Researchers who rely on statistical data to draw connections, challenge assumptions and discover unexpected social links in the lives of Canadians have a new tool. The Quebec Inter-university Centre for Social Statistics (QICSS) Laboratory is an authorized repository for the reams of information gathered by major Statistics Canada surveys to help governments understand the changing nature of Canadian society and shape social policy. QICSS is funded by the Fonds québécois pour la recherche sur la société et la culture.

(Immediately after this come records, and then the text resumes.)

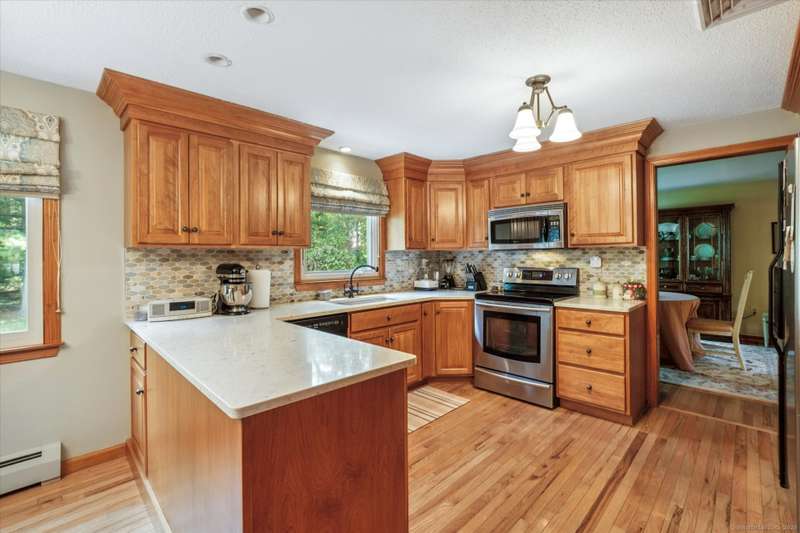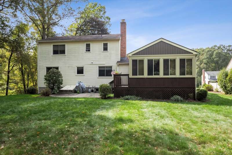 Welcome to this beautifully maintained 3-bedroom, 2.5-bath colonial perfectly situated at the end of a peaceful cul-de-sac. Pride of ownership shines throughout this single-owner home, offering a warm and inviting atmosphere from the moment you arrive. The main level features a spacious and light-filled living area, ideal for everyday living and entertaining. The kitchen offers generous cabinet space and seamlessly connects to the dining area with views of the backyard. Upstairs, you'll find three comfortable bedrooms, including a serene primary suite with a private bath and ample closet space. Step outside to enjoy the tranquil backyard that backs up to protected town land lined with mature trees-offering both privacy and a beautiful natural backdrop. Additional highlights include a convenient 2-car garage, central air, and a full basement with potential for future finishing. Located close to town amenities, schools, and major routes, this home offers the perfect blend of neighborh
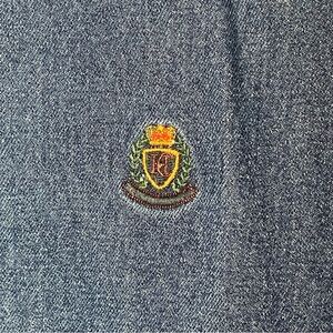 This vintage Hunt Club denim jacket for men in size XL features a full zip closure, bomber style with elastic waist, and button-down collar. Made of cotton denim in a solid blue color. Embroidered logo on lapel. Unlined & perfect for layering.
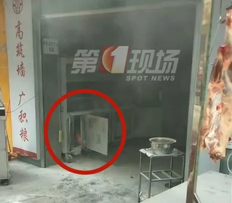 在龍崗區(qū)長吉路一家燒烤店,幾名店員把串好的羊肉串?dāng)[上燒烤爐,剛一打開機器就起火了,現(xiàn)場濃煙沖起10多米高。
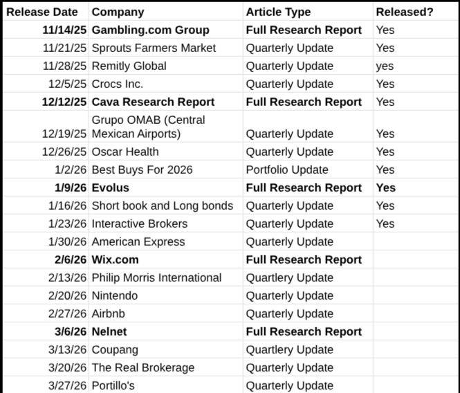 Today, we have a quarterly update for Interactive Brokers. Below is a table of recently published articles, along with the upcoming Emerging Moats schedule for Q1 2026.
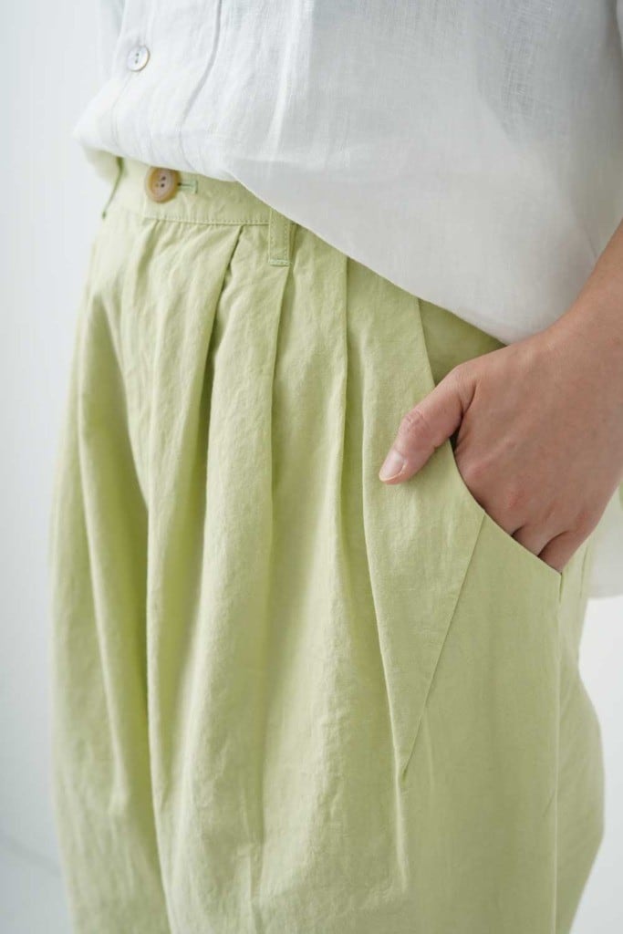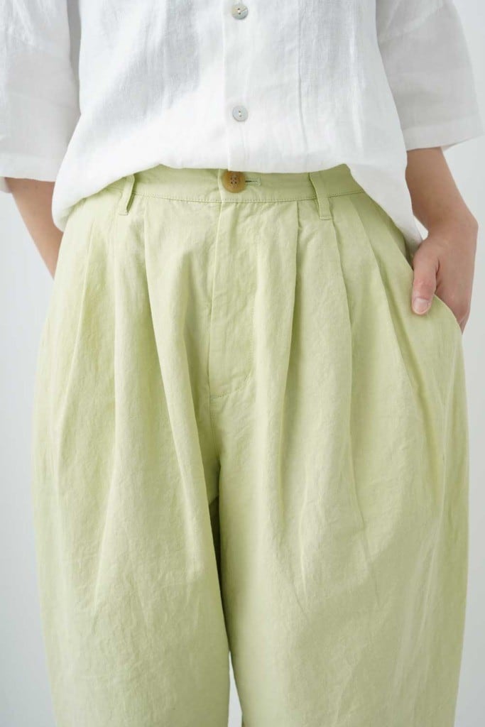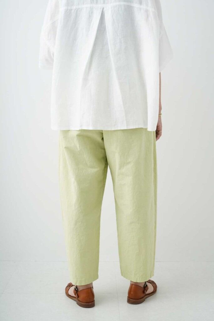 綿麻特有のシボシボとした表情がナチュラルな素材感を際立たせ、柔らかな色合いが大人らしい上品さを引き出します。セットアップの着用もオススメです。軽やかなCLシーチング素材を使用した『grin(レディース)CLシーチング シャトルパンツ』は、春夏にぴったりの一着です!柔らかな素材感と快適な着心地が魅力で、日常使いからお出かけまで幅広く活躍します。シンプルながらも洗練されたデザインは、どんなスタイルにも簡単に合わせることができ、コーディネートの幅を広げてくれること間違いなしです。股上を深く取り、ゆったりとしたシルエットに仕上げています。裾に向かって優しいラインを描くテーパードデザインが、軽やかさを添えてくれます。ウエストは楽なゴム仕様で、内側には調整可能なドローコードを施しているため、フィット感も自由自在。快適さを追求したこのパンツは、リラックスした時間を提供します。
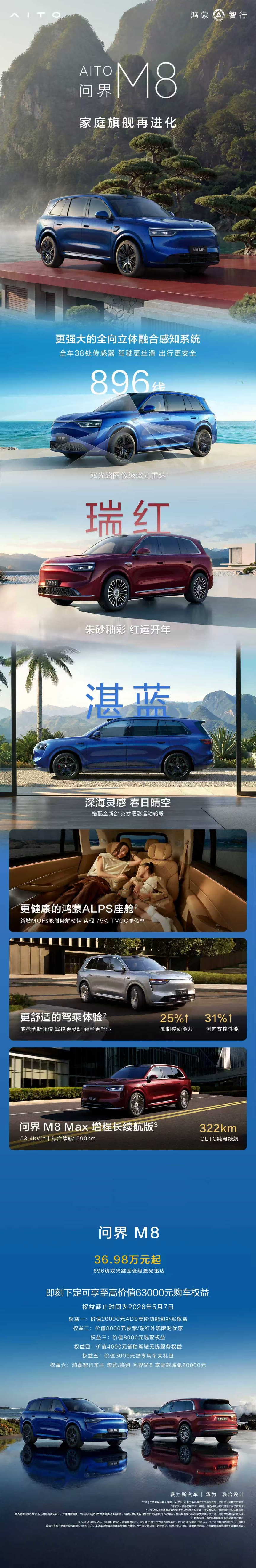 对于高端家庭而言,真正的安全,是无论谁来驾驶,车辆都能在危机时刻给予最可靠的回应。问界M8深谙此道,以全维防碰撞CAS4.0为核心,构建人驾与智驾的双重安全屏障。在智驾模式下,120km/h连续避障绕行实测表现惊艳,依托896线激光雷达与三个高精度固态激光雷达的融合感知,系统对前方障碍物的识别距离与精度大幅跃升,可从容应对高速连环避险。在人驾模式下,80km/h侧向避让锥筒功能化身“隐形守护者”,能提前识别侧向危险并主动修正方向,为长途驾驶可能出现的分神时刻提供关键兜底,确保每一次返乡探亲的路途都稳字当头。新款问界M8焕新而来,新增瑞红、湛蓝两款专属车色。这份超越期待的全方位安全升级,正是献给每一个家庭的至臻之礼。问界M8
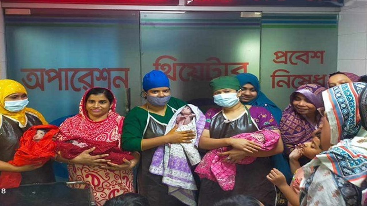 পরে পটুয়াখালী মেডিকেল কলেজ হাসপাতালের গাইনি বিভাগের সহকারী অধ্যাপক, বিশেষজ্ঞ ও সার্জন জাকিয়া সুলতানার তত্ত্বাবধায়নে রাত সোয়া ৯টা থেকে ১১টা পর্যন্ত অস্ত্রপাচারের পর একে একে চার শিশুর জন্ম হয়।
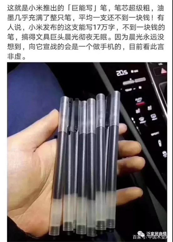 小米的這只筆,可以書寫17萬字,誰也沒有想到,一個互聯網電子企業,會來進軍文具產業,晨光永遠沒有想到,向他宣戰的,竟然是一個做手機的。小米的營銷,才是掠奪式的和長久的。值得全屋定制家居行業學習。
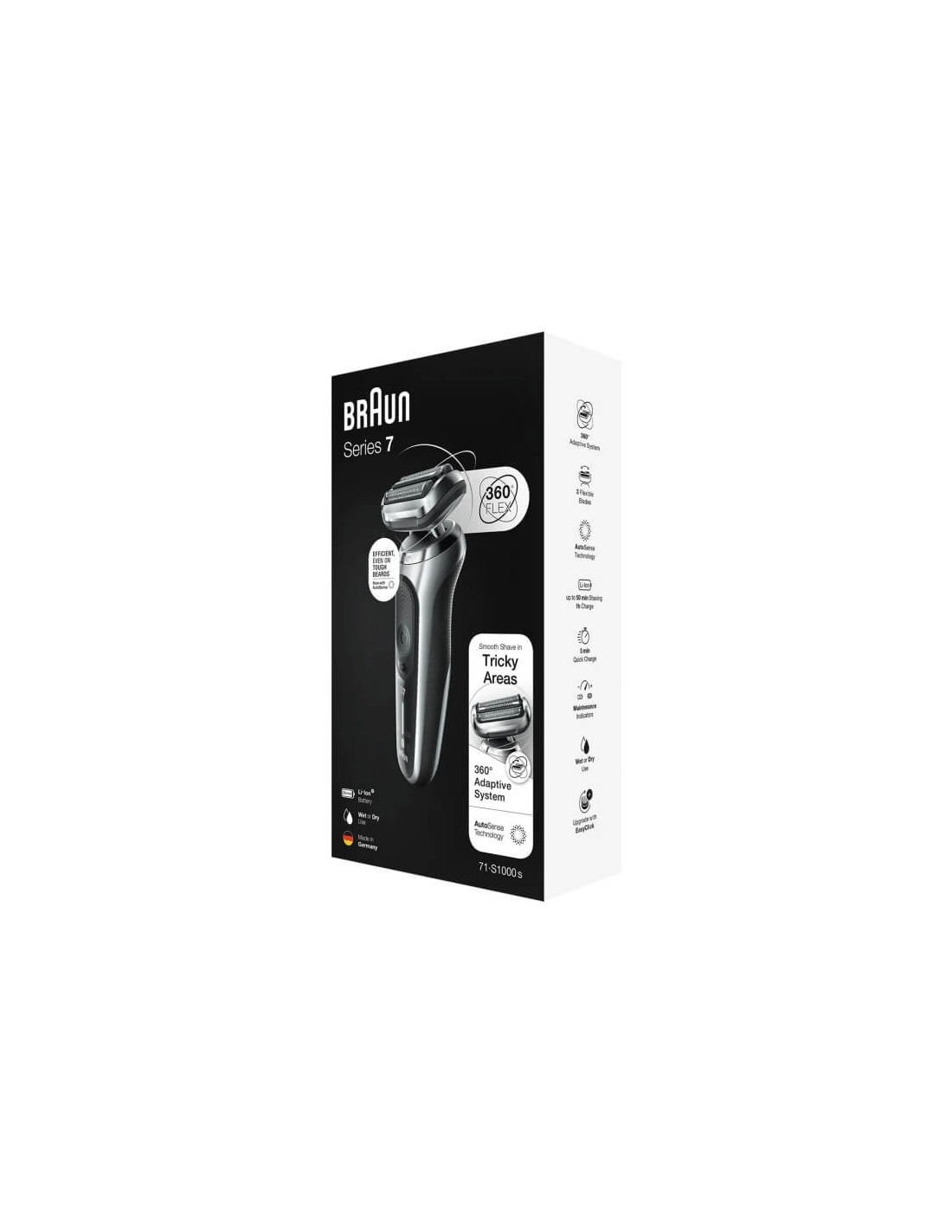 Découvrez le confort ultime du Rasoir Electrique Braun Series 7 Wet & Dry 71-S1000s. Équipé de la technologie intelligente AutoSense et d’une tête flexible à 360°, il s’adapte avec précision aux courbes du visage pour un rasage Braun doux et performant. Grâce à son design ergonomique, son étanchéité totale et sa batterie rechargeable, ce rasoir électrique Braun offre une expérience de rasage haut de gamme, que ce soit sur peau sèche ou humide.

Sociologist Céline Le Bourdais, the Canada Research Chair in Social Statistics and Family Change, is the academic director of the lab. She says that previously, when people wanted to research the carefully guarded data gathered by Statistics Canada, they had to travel to Ottawa. This was so inconvenient that few people were using the rich information gathered in these expensive—and expansive—surveys on health, labour and families.
To protect the privacy of the thousands of individuals profiled in the surveys, the QICSS Laboratory is one of the most secure spaces on McGill’s campus, with a system of swipe cards and deadbolts to ensure that information doesn’t fall into the wrong hands. McGill’s data lab belongs to the Quebec Research Data Centre, which is jointly funded by Statistics Canada, the Social Sciences and Humanities Research Council, and the CIHR. The lab also received funding from the CFI.